The sheer number of cancelling of Foreign Contribution Regulation Act (FCRA) renewal applications of NGOs is mindboggling. According to reports, as many as 20,675 permissions under the FCRA have been cancelled since 2011. Surprisingly, 80 percent of these cancellations took place after 2014, coinciding with the BJP-led government, under Narendra Modi, coming to power in the Centre. Further, the FCRA registration of around 6,000 NGOs and associations is deemed to have ceased or expired on January 1, 2022, which is nothing less than choking the NGO sector to death.
Many of those NGOs and civil society organizations, on whom the axe has fallen, are working among the most underprivileged sections of the society. Many are strenuously striving for economic and gender justice among Adivasis, Dalits, and the marginalized. They are rendering humanitarian and social services to those people where the arms of the government and its agencies hardly reach. The humanitarian work being rendered by the Missionaries of Charity (MC) is beyond the working of any government or its organs.
An anecdote from the annals of the activities of MC Sisters is illuminating. Once, a complaint reached the Kolkata Police Commissioner against Mother Teresa and her Congregation accusing them of indulging in proselytization. The Commissioner himself went to check. Later he reportedly told the complainant, ‘If you can do what they are doing, I will get them out.’ Yes, they bandage the wounds of the leprosy patients; they carry the disabled in their hands; they clean and feed the tiny tots left in garbage dumps; they hug and keep the mentally challenged close to their heart; they allow the dying to lie in their laps. Which government and its agencies will do it is anybody’s guess?
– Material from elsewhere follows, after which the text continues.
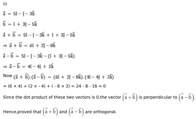 ii. If $\overrightarrow{\mathrm{a}}=(5 \hat{\mathrm{i}}-\hat{\mathrm{j}}-3 \hat{\mathrm{k}})$ and $\overrightarrow{\mathrm{b}}=(\hat{\mathrm{i}}+3 \hat{\mathrm{j}}-5 \hat{\mathrm{k}})$ then show that $(\overrightarrow{\mathrm{a}}+\overrightarrow{\mathrm{b}})$ and $(\overrightarrow{\mathrm{a}}-\overrightarrow{\mathrm{b}})$ are orthogonal.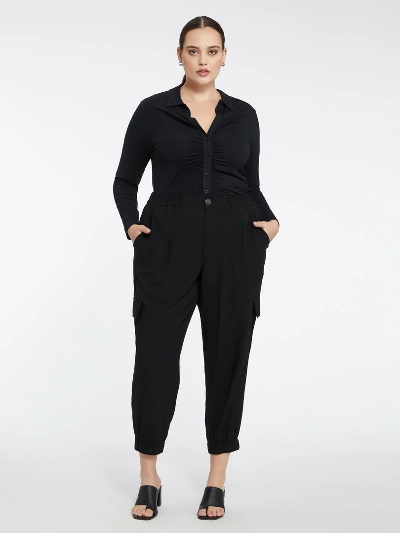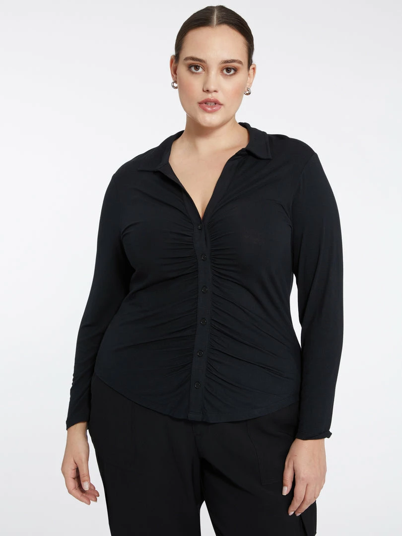 A lightweight slinky knit shapes this slim button-front blouse finished with a deep V and ruched front detail.

Most NGOs work as an extension of the government and take up works where the latter may not reach in times of need. The earthquakes, floods, tsunami, the pandemic and such calamities have brought out shining examples of heroic works of many an NGO. They work at the last mile where government’s programmes fail to reach. Hence, it is unfortunate that the government looks at them as an adversary. Its skepticism emerges from the fact that some of them work as human right watch dogs and expose the anti-people programmes of the government.
Foreign funding can be stopped if the NGOs concerned are indulging in anti-national activities; supporting terrorist organizations; conspiring to overthrow the government; involved in activities proscribed by the law of the land. But, Missionaries of Charity, Amnesty International, Oxfam, Jamia Millia Islamia, Lawyer’s Collective of Indira Jaising and Anand Grover and hundreds of such NGOs and social organizations haven’t indulged in any such activity. Still, they have been denied foreign funding, which is essential for continuing with their work, on the basis of some mysterious ‘adverse inputs’ as stated in the case of Missionaries of Charity.
Many NGOs and civil society organizations have become eyesores for the government and right-wing groups. Their pro-people, compassionate and human-centred activities have become a thorn in their flesh. Some of the NGOs working with Dalits, tribals and minorities have exposed the highhandedness of the government and its law-enforcing agencies. A government which cannot stomach dissent and criticism is bound to pull the plug by choking the dissenters and critics. And we are witnessing such a scenario right in front of us.